O Liathain almost seemed to smile at that; at Doyle’s side, Edana smothered a chuckle, though the faces of the other tiarna remained stolidly expressionless. Edana answered for her da. “I’m sure he’ll also be pleased to know his Toscaire has the gift of flattery,” Edana said. “I’m also certain that Thane Aeric didn’t send you here to see if the Rí Ard was still among the living. Why
have
you come to Dún Laoghaire, Toscaire Rhusvak?”

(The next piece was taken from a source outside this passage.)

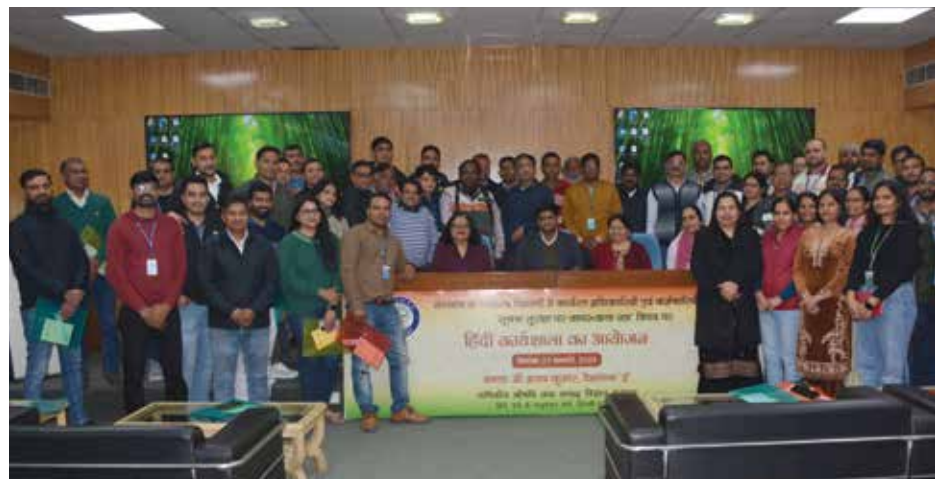
Hindi workshop at INMAS, Delhi
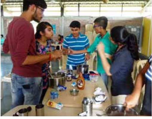
Everything is designed to open up hidden talents of children...

There was silence in the hall at the temerity of someone speaking before the Rí Ard could reply. Then the Rí Ard chuckled, and after a moment, the rest of the Riocha followed suit, seeing that the Rí Ard took no offense at Edana’s interruption. Doyle, throughout his youth, had experienced the interminable, gratingly polite back-and-forth of diplomacy. Edana had known that the conversation should have dragged on for a candle stripe or more yet before the real subject of the meeting was finally broached, and she could also see the drawn weariness in the Rí Ard’s face and the way he sagged against the hidden bonds holding him upright.
He squeezed her hand; she returned the pressure.

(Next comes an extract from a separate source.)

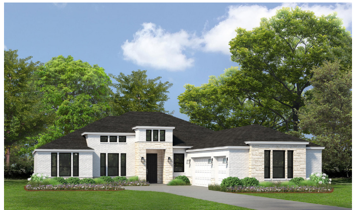
ELEVATION C STONE 3-CAR GARAGE

*These renderings are an artist's interpretation, actual colors and selections may vary. Some elements shown in renderings display optional upgrades.

Rhusvak regarded the Rí Ard silently for a moment, then gestured to his attendants. They brought the box forward and set it down alongside the Toscaire. “I apologize for this, Rí Ard, but it is easier to show you than to tell you,” he said.
He nodded to the others, who opened the seals and immediately turned the box on its side. As Doyle, Edana, and the rest of the onlookers rose to their feet in horror and shock, as Enean’s voice rose in an audible childish shriek, a body tumbled out onto the flagstones, a massive scythelike weapon clattering loudly to the ground alongside it. A foul stench filled the hall. Only the Rí Ard, bound to his throne, remained seated.
Whatever it was, it was not a Daoine or any creature that Doyle had even seen. The thing was clothed only in a filthy cloth around its hips, bloodstained and torn, with what seemed to be a crest or insignia at the right hip. The creature’s thighs were huge and muscular, the massive, platelike joints articulating backward, powerful lower limbs ending in long, clawed feet. The upper body was rippled with corded muscle; the arms too long, the four-fingered hands as large as dinner plates, looking easily capable of handling the oversized pole arm beside it. The skin was a mottled pattern of yellow and brown, finely scaled like that of a snake. The face was snouted, with large eyes set close together at the juncture of a nasal ridge, a small mouth set underneath. A thick bony crest extended from the crown down to where the spine met the neck; to either side of the neck were large, tympanic ears, the soft flesh there an oval of bright orange.
Doyle tried to imagine the thing standing; it would have towered over any of them, looming like a creature from a nightmare. The Tiarna around him were all shouting and gesturing, some with hands reaching for weapons that—following the etiquette of the Great Hall and the Rí Ard’s presence—were missing. Doyle’s hand, though, like a few others, had gone not for iron but for stone; he closed his right hand around the Cloch Mór he held, ready to open it and release the mage-dragon at need.